Oleg Drokin (oleg.drokin@intel.com) merged in patch http://review.whamcloud.com/18037/
Subject: LU-7646 o2iblnd: connrace protocol improvement
Project: fs/lustre-release
Branch: master
Current Patch Set:
Commit: a62050bbcf70831f3c16b5c61a04816c1296909b

Patch has landed for 2.8

This patch brings deadlock!

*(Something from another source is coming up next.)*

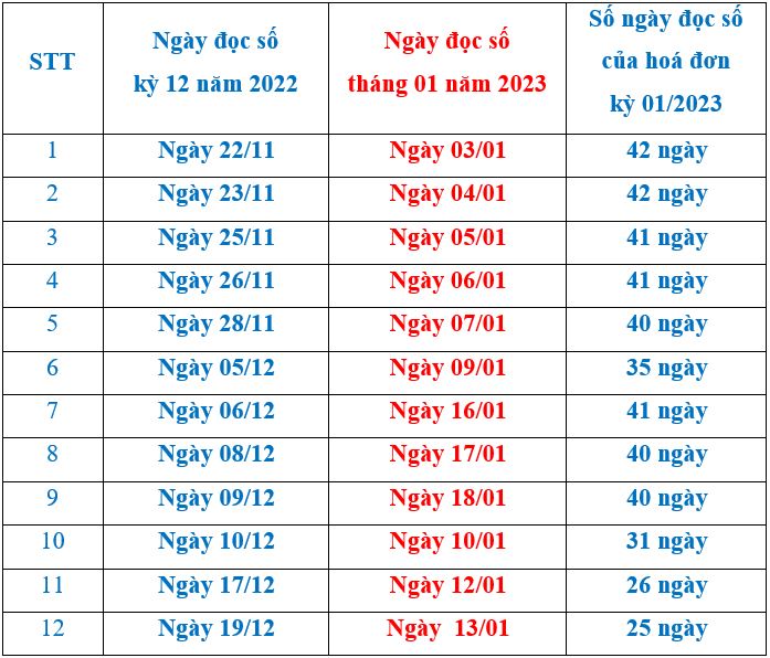 Về việc điều chỉnh lịch đọc chỉ số kể từ tháng 01/2023

To reproduce it just ping self network interface:

# modprobe lustre
# dmesg -c
[ 6312.087704] LNet: HW CPU cores: 56, npartitions: 8
[ 6312.089934] alg: No test for adler32 (adler32-zlib)
[ 6312.090001] alg: No test for crc32 (crc32-table)
[ 6320.110568] Lustre: Lustre: Build Version: v2_7_12_0-ge1ccc22-CHANGED-3.10.0-327.10.1.el7_lustre.g42b966e.x86_64
[ 6320.139839] LNet: Using FastReg for registration
[ 6320.390188] LNet: Added LNI 192.168.3.102@o2ib [128/8192/0/180]
[ 6320.390275] LNet: Using FMR for registration
[ 6320.432823] LNet: Added LNI 192.168.5.102@o2ib1 [128/8192/0/180]
# lctl ping 192.168.5.102@o2ib1
[1]+  Stopped
# dmesg -c
[ 6327.675473] LNet: 689:0:(o2iblnd_cb.c:2422:kiblnd_passive_connect()) Conn race 192.168.5.102@o2ib1
[ 6329.144189] LNet: 716:0:(o2iblnd_cb.c:2422:kiblnd_passive_connect()) Conn race 192.168.5.102@o2ib1
[ 6329.144196] LNet: 716:0:(o2iblnd_cb.c:2422:kiblnd_passive_connect()) Skipped 11 previous similar messages
[ 6331.145394] LNet: 716:0:(o2iblnd_cb.c:2422:kiblnd_passive_connect()) Conn race 192.168.5.102@o2ib1
[ 6331.145401] LNet: 716:0:(o2iblnd_cb.c:2422:kiblnd_passive_connect()) Skipped 1 previous similar message
[ 6334.147187] LNet: 716:0:(o2iblnd_cb.c:2422:kiblnd_passive_connect()) Conn race 192.168.5.102@o2ib1
[ 6334.147194] LNet: 716:0:(o2iblnd_cb.c:2422:kiblnd_passive_connect()) Skipped 2 previous similar messages
[ 6339.150176] LNet: 716:0:(o2iblnd_cb.c:2422:kiblnd_passive_connect()) Conn race 192.168.5.102@o2ib1
[ 6339.150183] LNet: 716:0:(o2iblnd_cb.c:2422:kiblnd_passive_connect()) Skipped 4 previous similar messages
[ 6348.155725] LNet: 716:0:(o2iblnd_cb.c:2422:kiblnd_passive_connect()) Conn race 192.168.5.102@o2ib1
[ 6348.155732] LNet: 716:0:(o2iblnd_cb.c:2422:kiblnd_passive_connect()) Skipped 8 previous similar messages
[ 6365.166226] LNet: 716:0:(o2iblnd_cb.c:2422:kiblnd_passive_connect()) Conn race 192.168.5.102@o2ib1
[ 6365.166233] LNet: 716:0:(o2iblnd_cb.c:2422:kiblnd_passive_connect()) Skipped 16 previous similar messages
[ 6388.711572] LNet: 64221:0:(api-ni.c:2271:lnet_ping()) ping 12345-192.168.5.102@o2ib1: late network completion
[ 6398.186384] LNet: 689:0:(o2iblnd_cb.c:2422:kiblnd_passive_connect()) Conn race 192.168.5.102@o2ib1
[ 6398.186391] LNet: 689:0:(o2iblnd_cb.c:2422:kiblnd_passive_connect()) Skipped 32 previous similar messages
[ 6448.748400] LNet: 64221:0:(api-ni.c:2271:lnet_ping()) ping 12345-192.168.5.102@o2ib1: late network completion
[ 6463.226241] LNet: 689:0:(o2iblnd_cb.c:2422:kiblnd_passive_connect()) Conn race 192.168.5.102@o2ib1
[ 6463.226248] LNet: 689:0:(o2iblnd_cb.c:2422:kiblnd_passive_connect()) Skipped 64 previous similar messages
[ 6508.785226] LNet: 64221:0:(api-ni.c:2271:lnet_ping()) ping 12345-192.168.5.102@o2ib1: late network completion

The patch http://review.whamcloud.com/18037 should be reverted!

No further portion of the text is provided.